Helloworld boss Andrew Burnes says international travel is at least nine to 12 months away from returning and says that New Zealand and the South Pacific could likely be the first destinations reopened to us.
“Destinations such as New Zealand and possibly some South Pacific countries could be among the first to open to Australian visitors and vice-versa,” he wrote in a letter to Helloworld agents.
“Beyond that, and in the absence of a widely distributed vaccine (and even if there is a vaccine, it will take a long time for it to be widely distributed), the rest of the world will slowly open up to travel, with corporate travel recovering initially followed by leisure travel not too far behind it.
“But re-emergence of international travel is nine to 12 months away from today, so in the meantime it’s going to require a tremendous amount of discipline for travel businesses to basically go into hibernation for the next six months or so.”

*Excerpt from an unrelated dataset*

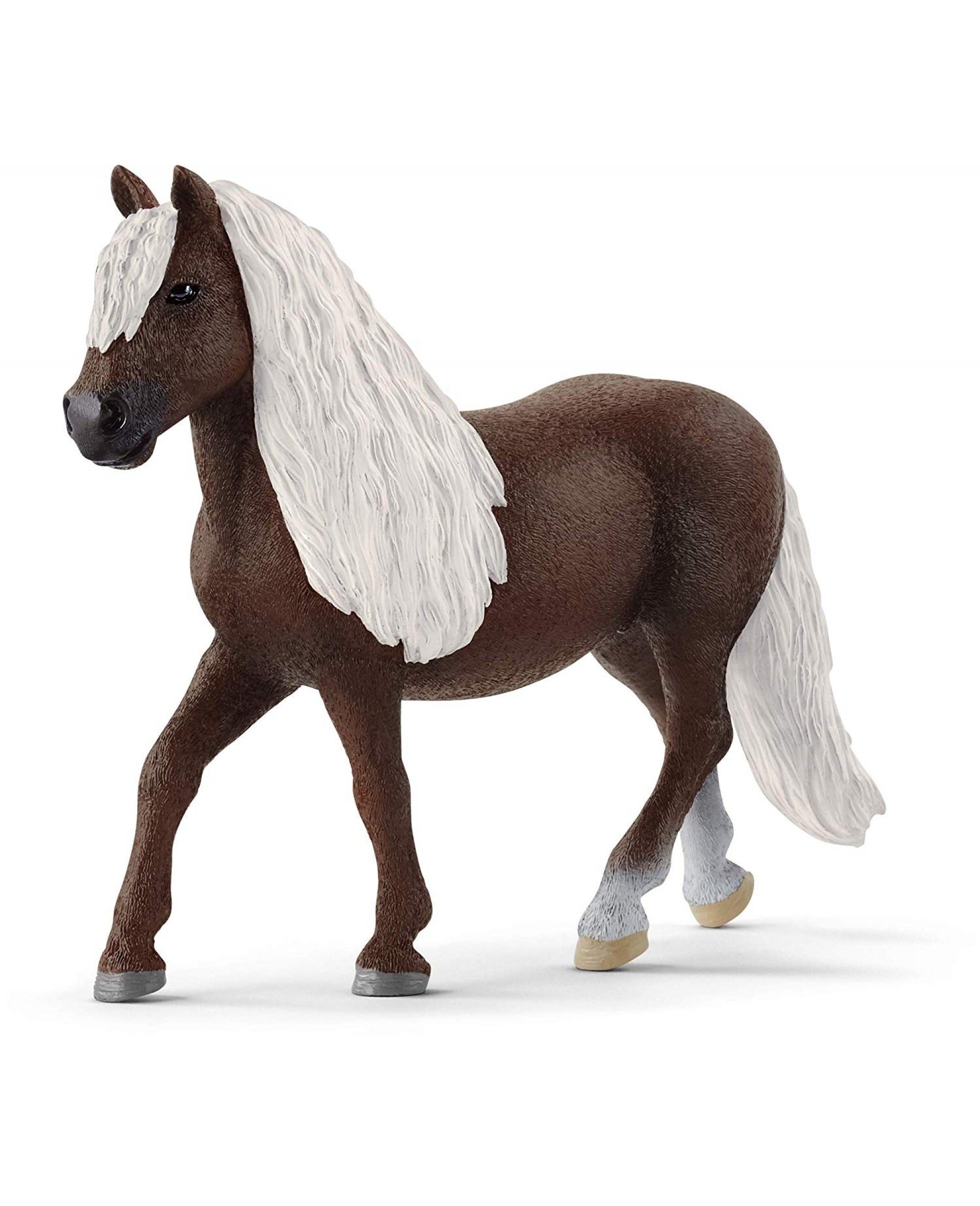 Le cheval de trait de la Forêt Noire est petit de taille mais puissant et agile. Bien que de tempérament équilibré et doux, il est très vif et déborde d’énergie. La crinière et la queue de cette race est toujours de couleur blond clair, comme celles de la jument Forêt-Noire de schleich® FARM WORLD. Elles forment un joli contraste avec la couleur sombre et alézane de sa robe.

According to The Australian, Mr Burnes also believes the cruising sector would return to popularity once it is clear health and safety measures are beyond reproach, and when near ICU facilities were installed on all vessels, which would most likely be mid next year.
“Cruise has proven to be one of the most popular sectors of the leisure travel industry in the world. The product is popular, well priced and delivers an all-inclusive break that people enjoy,” he wrote.
“Cruise companies are going to have to have significantly increased cleaning and disinfecting measures, commit to much better on-board health including immediate isolation capabilities, respirators and other near ICU facilities and to stringent health checks for all embarking and disembarking passengers and crew.”
He also discussed the coronavirus recovery process and how travel industry wouldn’t start opening up for international business until next year.
“The key is to be there to throw the doors wide open again when the world begins to get moving,” he wrote.
“That will most likely not happen until 2021 and it will not happen with any degree of consistency either.”
He suggested that by 2021 the government will allow travel to a limited number of overseas destinations, on a bilateral basis, to which we could travel and return without the need for quarantine. Australians might be permitted to visit Canada at some point, with no post-return quarantine, but the US would remain a no-go for quite some time.
“Or Australians might be permitted to visit the US and Chile but not be able to travel to the US from Chile. The permutations are endless.”
He said travel agents will be a traveller’s biggest asset, as it will be difficult for lay planners to navigate the post-pandemic complexities of international travel.
“Getting to the other side of this is everyone’s greatest challenge. It’s a challenge for airlines, agents, wholesalers, cruise companies, hotels, resorts, tour operators – everyone. And it will come at a cost, both financial and personal,” he wrote.
Mr Burnes predicted that stage three lockdowns would be eased “slowly” within the next five to six weeks, after which, intrastate could resume.
“Later this year, maybe in July or August, some domestic intrastate travel will begin on a state by state basis. And it will be different for different states. Then at some point, hopefully by September (October at the latest), cross-border travel will be permitted, and domestic flights will start to resume, with frequencies increasing as time goes by on condition that infection rates remain, at the very least, tightly controlled and manageable with our given health resources.”
He added that once the world is back on its feet, there will be an incredible demand for travel.
“There will be an enormous amount of activity to bolster travel demand once things start to open up again,’’ he said.
“In 2019, travel contributed $US9.25trn ($14.5trn) to the global economy and 325 million jobs worldwide. For many countries it is their most significant contributor to GDP and employment, and we can expect to see a lot of marketing funds being directed to driving demand once visitors are able to return to key destinations globally and they will be welcomed with open arms.”
Where is the first place in your state you’ll visit when restrictions are lifted? What about overseas? Will you cruise again?